Здесь человек лежит, на смертных не похожий;

На клиросе, в глуши, с дьячком он басом пел

И славою, как Петр иль Александр, гремел.

Ушатом на себя холодную лил воду

И пламень храбрости вселял в сердца народу.

Не в латах, на конях, как греческий герой,

Не со щитом златым, украшенным всех паче,

С нагайкою в руках и на казацкой кляче

В едино лето взял полдюжины он Трой…

Одною пищею с солдатами питался,

Цари к нему в родство, не он к ним причитался.

Был двух империй вождь; Европу удивлял;

Сажал на трон царей и на соломе спал.

А. С. Шишков

1

Недолго оставалось великому полководцу жить на земле после швейцарского похода.

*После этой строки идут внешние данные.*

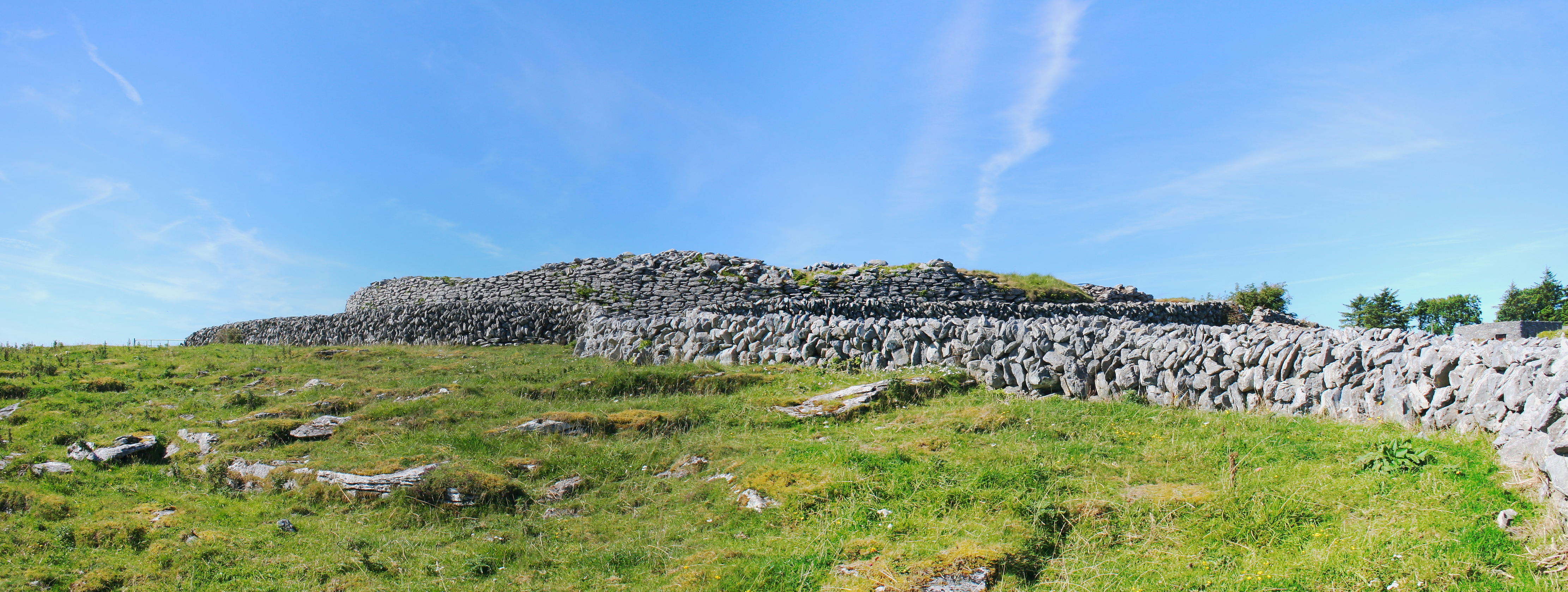 Caherconnell Fort, County Clare, Ireland

Но эти последние полгода он, сделавшись личностью уже легендарной, находился как бы в фокусе всеобщего внимания, восхищения и поклонения. В продолжение всего похода в далекой России затаив дыхание ожидали сведений о разыгравшейся кровавой драме. Только в 20-х числах октября в Петербурге получили известия об исходе кампании. «Да спасет вас Господь Бог за спасение славы государя и русского войска, — писал Суворову Ростопчин, — до единого все награждены, унтер-офицеры все произведены в офицеры». 28 октября 1799 года Павел I пожаловал полководцу звание генералиссимуса всех Российских войск. «Ставя вас на высшую степень почестей, — отмечал император, — уверен, что возвожу на нее первого полководца нашего и всех веков». До этого в России было лишь два генералиссимуса: с 1727 года Меншиков и с 1740-го муж императрицы Анны Леопольдовны Антон-Ульрих. Но в отличие от них Суворов заслужил свое звание не положением, а боевыми подвигами и трудами.

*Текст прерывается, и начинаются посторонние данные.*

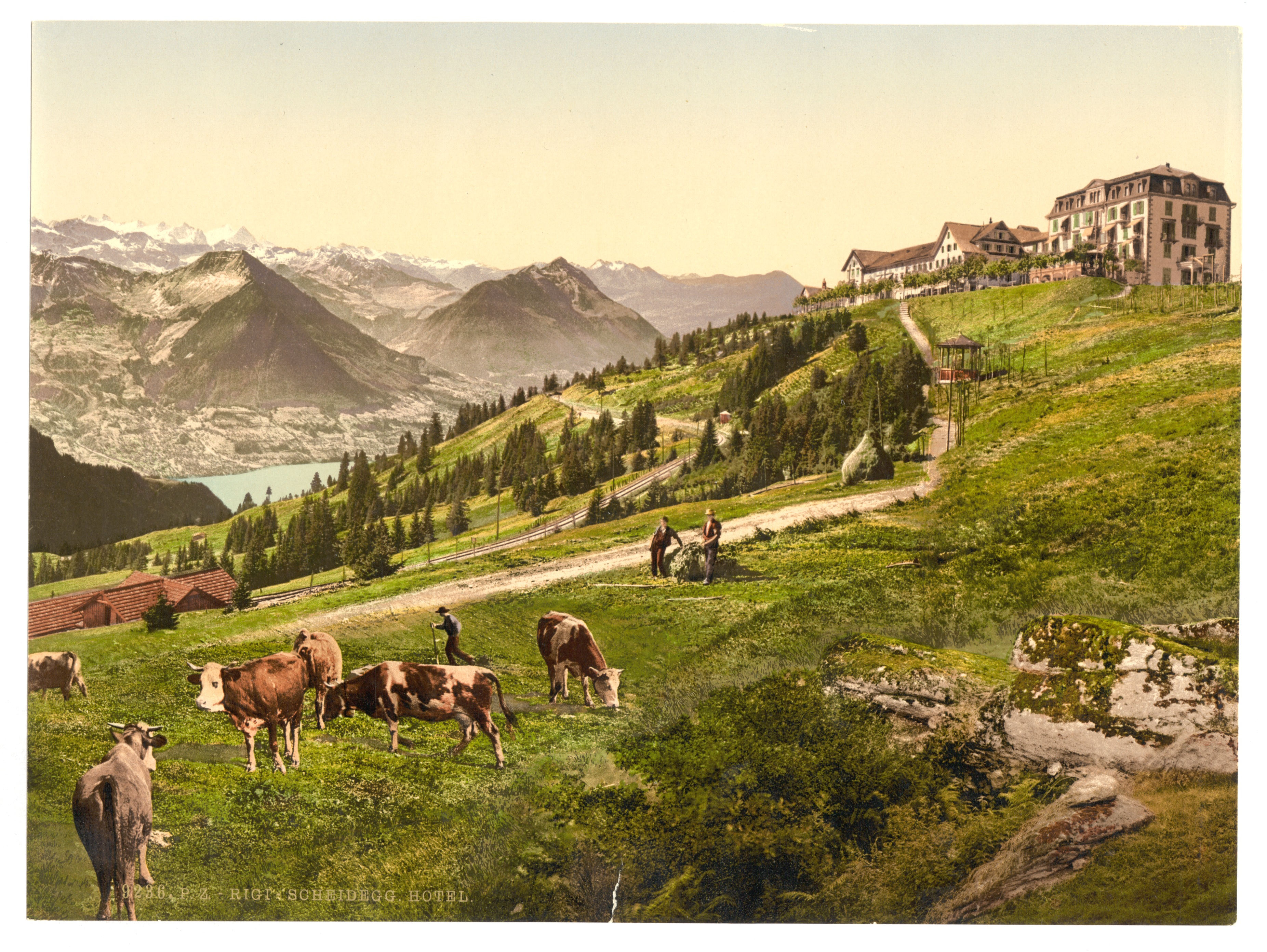 Print no. "9236".; Forms part of: Views of Switzerland in the Photochrom print collection.; Title from the Detroit Publishing Co., Catalogue J-foreign section, Detroit, Mich. : Detroit Publishing Company, 1905.

— Другому этой награды было бы много, Суворову мало: ему быть ангелом! — сказал Павел Ростопчину.

Император решает воздвигнуть в Петербурге прижизненный памятник Суворову, подобно тому, как Римский сенат постановлял ставить статуи великим мужам. В те времена в невской столице был всего лишь один памятник — поставленный Екатериной II в 1782 году монумент Петру Первому.

Увы, стать любимцем русского императора оказалось еще опаснее, чем пребывать у него в немилости.

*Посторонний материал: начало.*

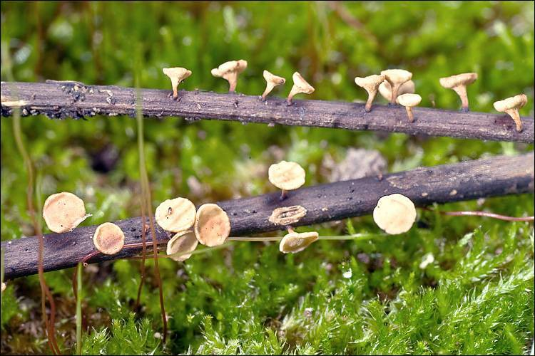 Fruit bodies of the ascomycete fungus Hymenoscyphus pseudoalbidus Queloz, Grünig, Berndt, T. Kowalski, T.N. Sieber & Holdenr.. Photographed in Bovec basin, East Julian Alps, Posočje, Slovenia. See Mushroom Observer page for detailed collection notes. Note added August 2015: Hymenoscyphus pseudoalbidus (more properly Hymenoscyphus fraxineus) is indistinguishable from Hymenoscyphus albidus so any field identification should be considered doubtful.

Русский полководец еще мечтал продолжить войну, вынашивал новые планы: «Вернее было бы отдать Швейцарию эрцгерцогу на руки… Россиян же обратить на Италию, где знакомой там Бонапарте оказаться может. Я все настою на пиамонтскую армию, на экспедицию чрез Дофине. Депот в Турине готов; а ежели что Тугут утащил, то пришлет назад».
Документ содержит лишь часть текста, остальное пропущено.